Step	Hyp	Ref	Expression
1		itg2mono.6	. . 3 |- S = sup ( ran ( n e. NN |-> ( S.2 ` ( F ` n ) ) ) , RR* , < )
2		itg2mono.3	. . . . . . . 8 |- ( ( ph /\ n e. NN ) -> ( F ` n ) : RR --> ( 0 [,) +oo ) )
3		icossicc 12260	. . . . . . . 8 |- ( 0 [,) +oo ) C_ ( 0 [,] +oo )
4		fss 6056	. . . . . . . 8 |- ( ( ( F ` n ) : RR --> ( 0 [,) +oo ) /\ ( 0 [,) +oo ) C_ ( 0 [,] +oo ) ) -> ( F ` n ) : RR --> ( 0 [,] +oo ) )
5	2, 3, 4	sylancl 694	. . . . . . 7 |- ( ( ph /\ n e. NN ) -> ( F ` n ) : RR --> ( 0 [,] +oo ) )
6		itg2cl 23499	. . . . . . 7 |- ( ( F ` n ) : RR --> ( 0 [,] +oo ) -> ( S.2 ` ( F ` n ) ) e. RR* )
7	5, 6	syl 17	. . . . . 6 |- ( ( ph /\ n e. NN ) -> ( S.2 ` ( F ` n ) ) e. RR* )

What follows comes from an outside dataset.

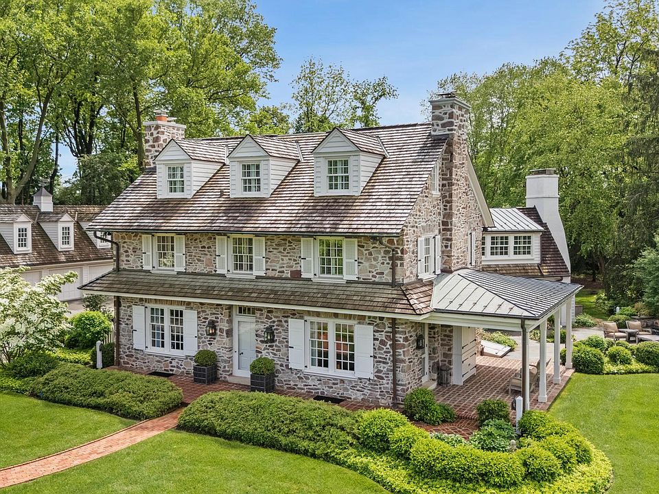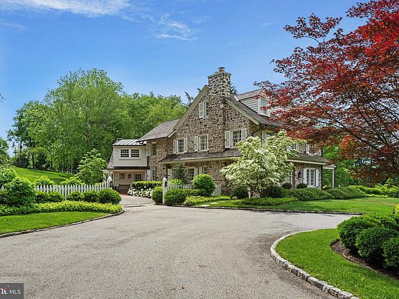 There are homes, and then there are homes that stand apart—352 Stenton Avenue is one of those rare treasures. Set at the end of a winding drive on a private, tree-shaded lot, this distinguished stone residence is a masterful blend of period craftsmanship and modern refinement. With roots dating back to the 1820s, the home has been expanded and reimagined over time, most recently through a thoughtful renovation by renowned local architect Warren Claytor. The result is a property that feels both timeless and utterly unique, where no detail has been overlooked and every element has been executed at the highest level. From handmade custom light fixtures by Heritage Metal Works and forged iron hardware by Michael Coldren to soapstone counters and sinks from Bucks County Soapstone, artisanal materials define the home at every turn. Wide-plank reclaimed oak floors, arched doorways, wainscoting, and intricate millwork set a tone of understated elegance. The gracious center hall opens to the formal dining room, anchored by a fireplace and adorned with a hand-painted mural depicting Valley Forge and the Delaware River. Built-in glass-front cabinetry enhances the space with both beauty and utility. Opposite, the living room invites gatherings with its broad bay window, fireplace, and French doors that lead to a covered porch overlooking the grounds. At the heart of the home, the kitchen is a showcase of craftsmanship and functionality. A Lacanche range with brick backsplash, custom cabinetry, honed soapstone island, reclaimed wood beams, and hand-forged iron hardware create a space that is both artisanal and practical. The adjoining dining area, complete with reclaimed-wood wet bar and access to the patio, is ideal for casual meals or al fresco entertaining. A sunlit family room with dramatic stone hearth and wood-beamed ceiling, along with a powder room and mudroom/family entrance, complete the main level. Upstairs, the primary suite is a private retreat with gas fireplace, custom built-ins, walk-in closet, and a marble-clad bath with double vanity and walk-in shower. A secondary suite with its own bath is tuck off the hall. The second floor also offers a laundry room with dual washer/dryers and soapstone sink, a light-filled office, and a third bedroom or sitting room with reclaimed wood mantel over the fireplace. The third floor includes two additional bedrooms and a full bath hall bath. The partially finished lower level offers flexible living with a rec room, powder room, and ample storage. A detached three-car garage includes a large finished second floor with full bath, one bedroom and large great room, perfect for guests, a home office, or independent living. Outdoors, the grounds are as carefully considered as the interiors. Multiple terraces and porches embrace the gardens: a slate patio with outdoor stone fireplace overlooks the sweeping lawn, a covered porch extends from the living room, and a more secluded patio lies off the family room. Mature trees and perennial plantings ensure year-round beauty and privacy. Perfectly situated, 352 Stenton Avenue offers serene living with unmatched convenience—just minutes from major commuter routes, Chestnut Hill’s boutiques and dining, and near-by amenities in Plymouth Meeting and Ambler.
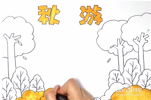 首先写上报头,在底部两侧画几棵大树,然后就可以开始上色了,用黄色涂报头,将灌木丛也涂上黄色,用橙色和红橙色将树木涂上颜色,最后给小报边缘涂黄色,在空白的位置画上横线,秋游小报就完成了。

8		eqid 2622	. . . . . 6 |- ( n e. NN |-> ( S.2 ` ( F ` n ) ) ) = ( n e. NN |-> ( S.2 ` ( F ` n ) ) )
9	7, 8	fmptd 6385	. . . . 5 |- ( ph -> ( n e. NN |-> ( S.2 ` ( F ` n ) ) ) : NN --> RR* )
10		frn 6053	. . . . 5 |- ( ( n e. NN |-> ( S.2 ` ( F ` n ) ) ) : NN --> RR* -> ran ( n e. NN |-> ( S.2 ` ( F ` n ) ) ) C_ RR* )
11	9, 10	syl 17	. . . 4 |- ( ph -> ran ( n e. NN |-> ( S.2 ` ( F ` n ) ) ) C_ RR* )
12		supxrcl 12145	. . . 4 |- ( ran ( n e. NN |-> ( S.2 ` ( F ` n ) ) ) C_ RR* -> sup ( ran ( n e. NN |-> ( S.2 ` ( F ` n ) ) ) , RR* , < ) e. RR* )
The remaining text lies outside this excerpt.